Your task: Restate the data below word for word. Leave the images out.

Recorded information:
=-=-=-=-=

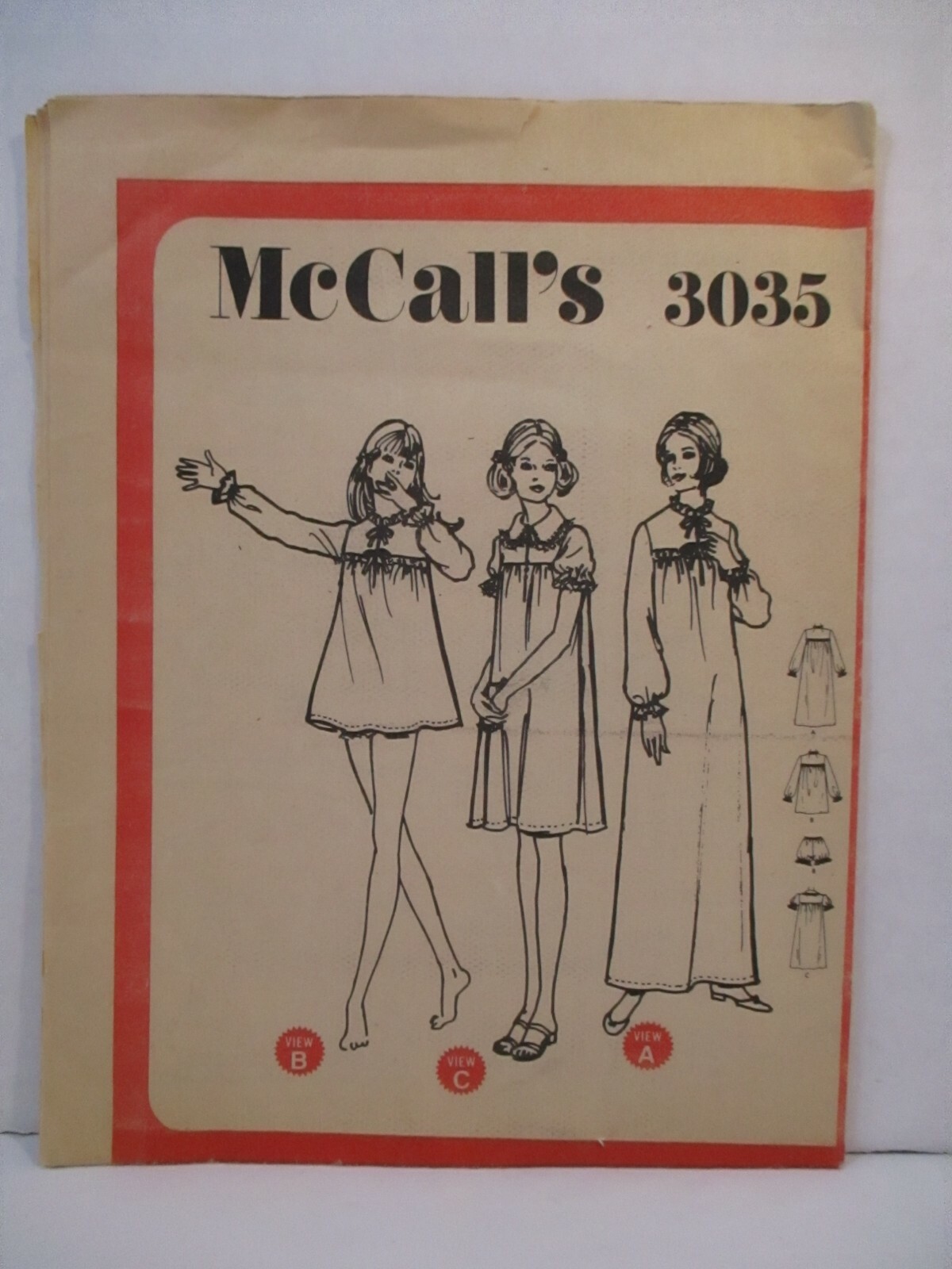 Mccall S Pattern 3035 Miss Size S Bust 32 1 2 Nightgown 3 Lengths Panties Vtg Ebay
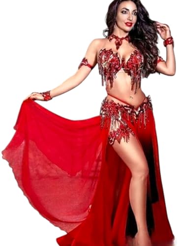Generic - بدلة رقص شرقي للنساء، باللون الأحمر، مقاس حر، بتصميم رقص شرقي
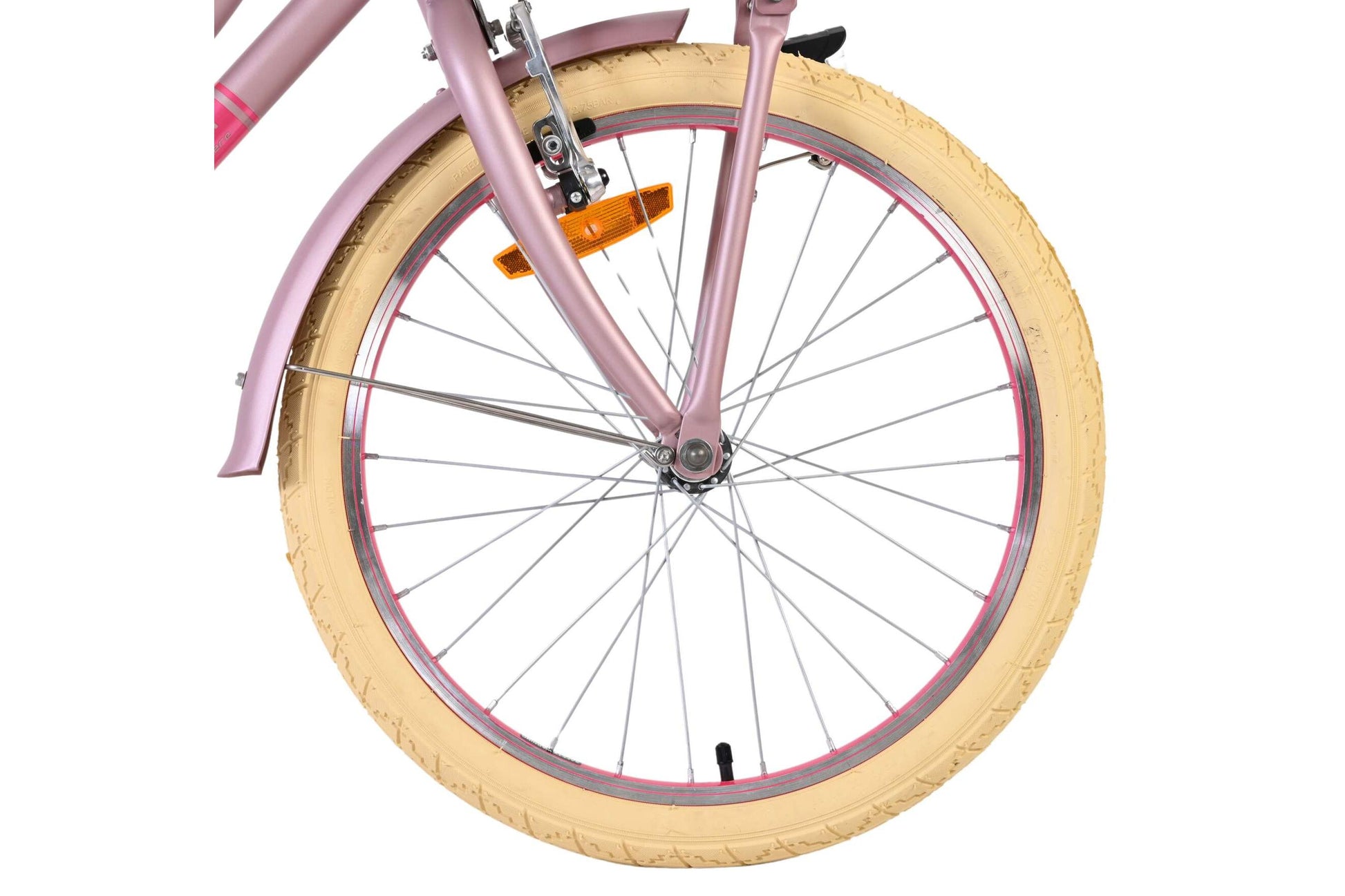 Den matt rosa ramen med en ramhöjd på 31 cm ger cykeln ett trendigt och modernt utseende. Den är utrustad med både framhållare och integrerad bakre pakethållare, vilket gör det enkelt att ta med väska, jacka eller skolmaterial. Den mjuka, lyxiga sadeln bidrar till hög komfort under cyklingen.

=-=-=-=-=

Reply:
 Mccall S Pattern 3035 Miss Size S Bust 32 1 2 Nightgown 3 Lengths Panties Vtg Ebay
Generic - بدلة رقص شرقي للنساء، باللون الأحمر، مقاس حر، بتصميم رقص شرقي
 Den matt rosa ramen med en ramhöjd på 31 cm ger cykeln ett trendigt och modernt utseende. Den är utrustad med både framhållare och integrerad bakre pakethållare, vilket gör det enkelt att ta med väska, jacka eller skolmaterial. Den mjuka, lyxiga sadeln bidrar till hög komfort under cyklingen.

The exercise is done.